Yes - same experience - lag in D, less lag in S, no lag with paddles, when rev at 2500-3000


----------



## Instynct (Sep 7, 2006)

*Re: living with DSG (WolfinPR)*

Yes this happened to me. I was on a hill. took my foot off the break and started to give gas, but instead of going forward I rolled back!
It freaked me out big time! I almost planted my trunk into the car behind me.
Since then this has not happened again. 
I would not be surprised if there was a recall. The problem seems based on the software or sensors that control the DSG. The DSG is great, but does seem to have a few manual transmission traits like this that drivers should pay attention to.


----------



## archiea (Nov 29, 2006)

*Re: living with DSG (Instynct)*








no, no, no, no.. its not a recall issue... unless we are talking driver recall!!








however I do agree that the dealers should have outlined this to all DSG equiped buyers. 
have you evr driven a manual car? you have to excuse me, I am SUCH an elitist snob of a manual tranny..or at least was UNTIL I drove the DSG.

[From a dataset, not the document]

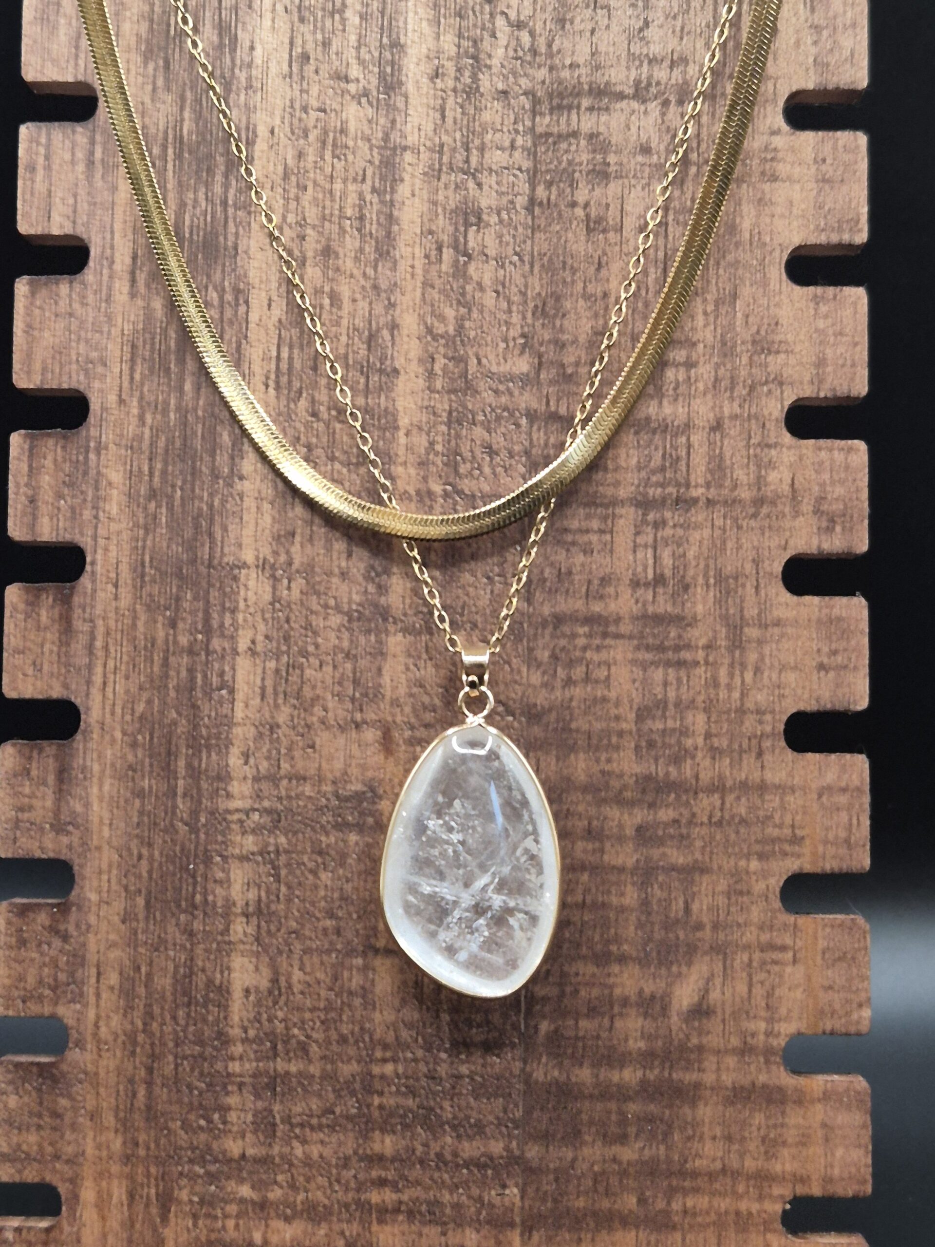 Diese Halskette verbindet einen glatt polierten Bergkristall

You have to treat it like a manual transmission... where on a hill you should use the parking brake to hold the car while you hit the gas.... All manual cars need to do this. The DSG, being a manual automatic, needs it too... You se the DSG is automatic in the sense that the clutch is automatically engaged instead of you doing that.. and also the shifting of gears with the above automatic clutch. So the issue her is that its a clutch based system for engagement. So regardless of being manual or automatic clutch, you need to treat it as a clutch... And when you press on the brake, the car i in neutral usually with the D selection, and I think it downshifts in the S selection. 
*however when you are stopped with the brakes engaged, your trannyis in neutral, effectively, not in drive EVEN THOUGH THE GEAR SHIFT IS IN DRIVE!!!!* 
Now to a manual nut







like me that makes sense. and is welcomed. For auto tranny drivers, they think its a defect.. sure feels like it at first.. but I think its more a defect in VW Dealer/customer service!!! thats forever in "Park" regardless what gear you are in!!


----------



## Instynct (Sep 7, 2006)

*Re: living with DSG (archiea)*


_Quote, originally posted by *archiea* »_







no, no, no, no.. its not a recall issue... unless we are talking driver recall!!








however I do agree that the dealers should have outlined this to all DSG equiped buyers. 
have you evr driven a manual car? you have to excuse me, I am SUCH an elitist snob of a manual tranny..or at least was UNTIL I drove the DSG.










I disagree. 
The problem is completely intermittent. 99 hills the dsg keeps forward traction. Then on some random hill no steeper than any other it suddenly doesn't react resulting in an unexpected roll back that maintains even after the gas has been depressed. I'm sorry but thats a software or sensor problem. 
OH yes, and this is my 6th car and the very first that is not a manual. I'
The problem wouldn't bother me save that its happened only twice in 5 months/9k miles. With that low frequency it catches you off guard, and thats what makes it a scary little glitch.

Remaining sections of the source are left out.